The same three-step CV for the main effect model identified the optimal pair of parameters (*a*, *b*) = ( −0.4, 0.5) (Table S4 in File S1), with which five additive effects were identified, all having a *p*-value ≤0.01 (Table 4). The five QTLs (Bins 43, 436, 877, 1006, 1057) totally explained 41.48% of the phenotypic variance, and all had molecularly characterized genes related to rice yield within 19 cM distance (median distance 1.59 cM) (Table S6 in File S1). All five QTLs were identical or very close to the QTLs identified from the full model. Specifically, Bin436 and Bin1057 were identified in both models; Bin43 is 3.40 cM away from Bin50 identified from the full model; Bin877 is 0.47 cM away from Bin875 identified from the full model; and Bin1006 is 0.72 cM away from Bin1004 identified from the full model. Comparing the results obtained from the two models, we observed that although both models identified five effects, the full model identified four more QTLs and explained a slightly larger percentage of phenotypic variance. Moreover, the main effect model identified five additive effects, but the full model identified QTLs with both additive and dominance effects.

### QTL mapping for grain weight

The CV analysis determined the optimal (*a*, *b*) = (1, 1) (Table S7 in File S1) for the full QTL model for grain weights. Using the optimal *a* and *b*, EBlasso yields a QTL model including 89 nonzero effects, among which 28 effects were identified as significant at a *p*-value ≤0.01 (Table 5). Among them, one was a main additive effect, 10 were additive × additive, 15 were additive ×dominance, and two were dominance × dominance interactions. The 28 effects involved 52 QTLs, and explained 93.79% of the phenotypic variance. QTLs with a distance ≤20 cM were placed into a group, resulting in 32 groups, and 26 of the 32 QTL groups had at least one gene within 20 cM distance (median distance 5.06 cM) (Table S8 in File S1). Moreover, 15 QTLs involved in 12 of 28 effects locate within 2 cM distance to at least one yield-related gene. The interaction network of the 52 QTLs and their associated genes are shown in Figure 3.

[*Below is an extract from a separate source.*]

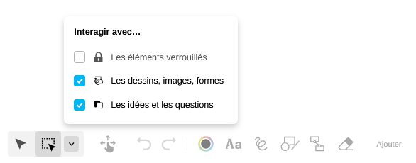 « Options d’Interaction », en bas à gauche du Board, pour choisir « Les idées et... » de pouvoir placer eux-mêmes leurs idées sur le Board et d’agir en conséquence.

The circle shows the bin map and columns indicate position of the makers (ticks in million base pairs). The thickness of a link is proportional to the strength of the interaction effect. A short straight line indicates a main effect. Molecularly characterized genes related to yield are also labeled in the appropriate positions of the genome.

The CV analysis for the main effect model identified the optimal pair of parameters (*a*, *b*) = (1, 1) (Table S7 in File S1), with which 26 QTLs (19 additive and 7 dominance effects) were identified with a *p*-value ≤0.01 (Table 6). The 26 QTLs totally explained 84.24% of the overall phenotypic variance, and 23 of them had molecularly characterized genes related to rice yield within 16 cM distance (median distance 4.08 cM) (Table S9 in File S1). Twenty three of the 26 QTLs were identical to or within a QTL group identified from the full model, but three QTLs (Bins 228, 843, and 894) do not correspond to any QTLs identified from the full model within 20 cM distance. Again, the full model identified more QTLs than the main effect model and the QTLs detected by the full model explained more phenotypic variance than those detected by the main effect model.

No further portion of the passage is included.